■ What the task requires
Reproduce each line of the following material exactly, omitting the images.

[Opening Information provided section]

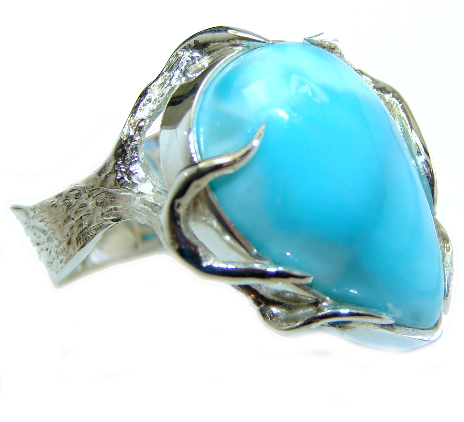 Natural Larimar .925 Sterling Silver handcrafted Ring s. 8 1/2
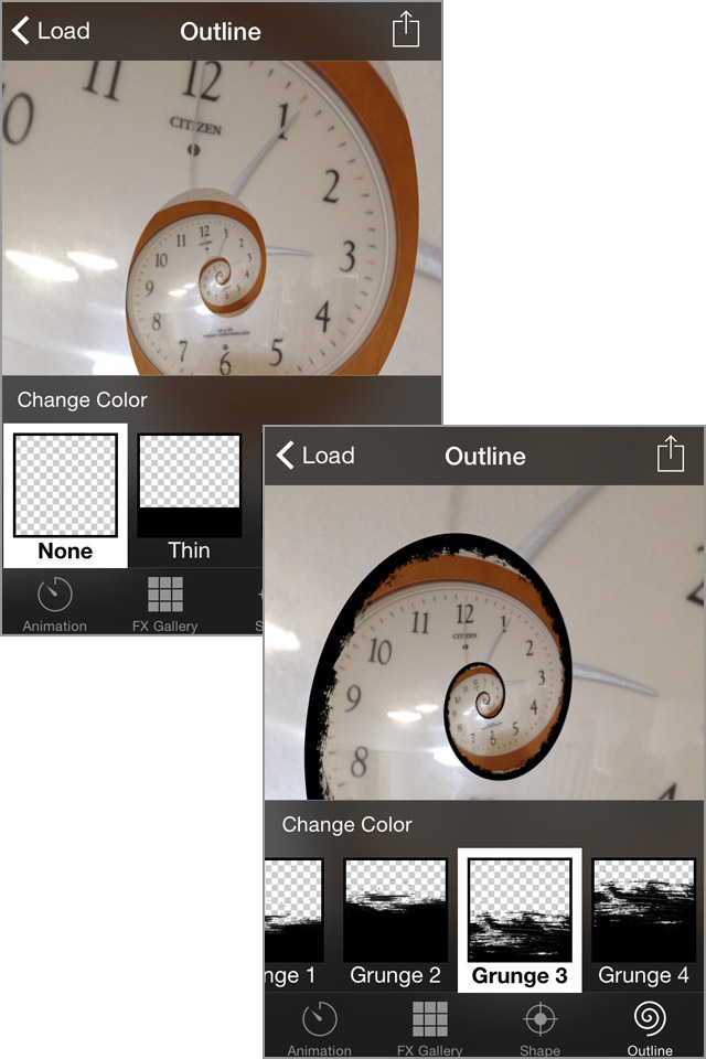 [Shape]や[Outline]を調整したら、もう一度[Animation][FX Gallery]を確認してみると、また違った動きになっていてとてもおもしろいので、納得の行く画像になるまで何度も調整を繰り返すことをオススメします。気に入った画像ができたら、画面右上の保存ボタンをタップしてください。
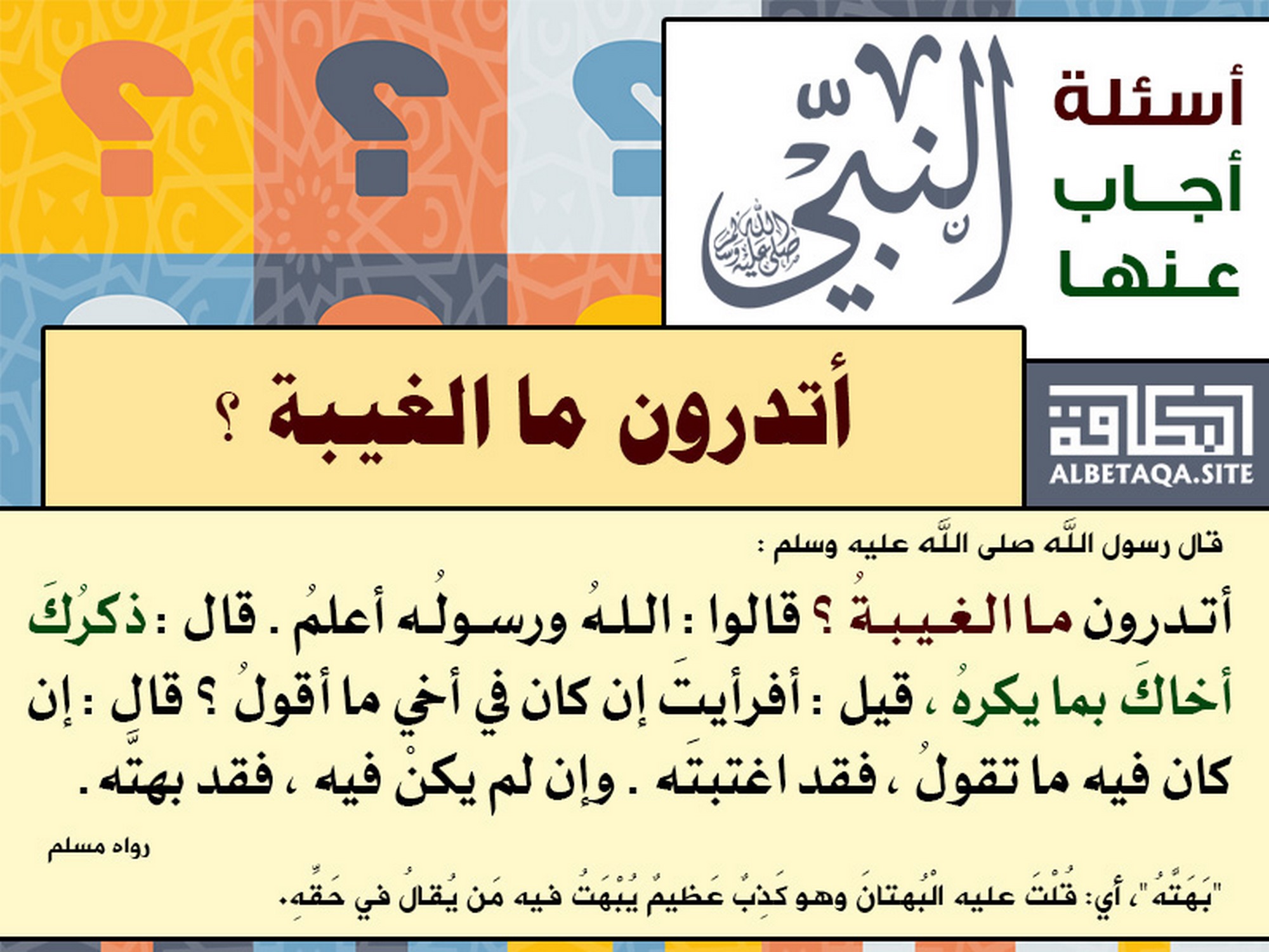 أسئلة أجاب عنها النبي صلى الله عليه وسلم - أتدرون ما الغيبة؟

[Closing Information provided section]

■ Response to this task
 Natural Larimar .925 Sterling Silver handcrafted Ring s. 8 1/2
 [Shape]や[Outline]を調整したら、もう一度[Animation][FX Gallery]を確認してみると、また違った動きになっていてとてもおもしろいので、納得の行く画像になるまで何度も調整を繰り返すことをオススメします。気に入った画像ができたら、画面右上の保存ボタンをタップしてください。
 أسئلة أجاب عنها النبي صلى الله عليه وسلم - أتدرون ما الغيبة؟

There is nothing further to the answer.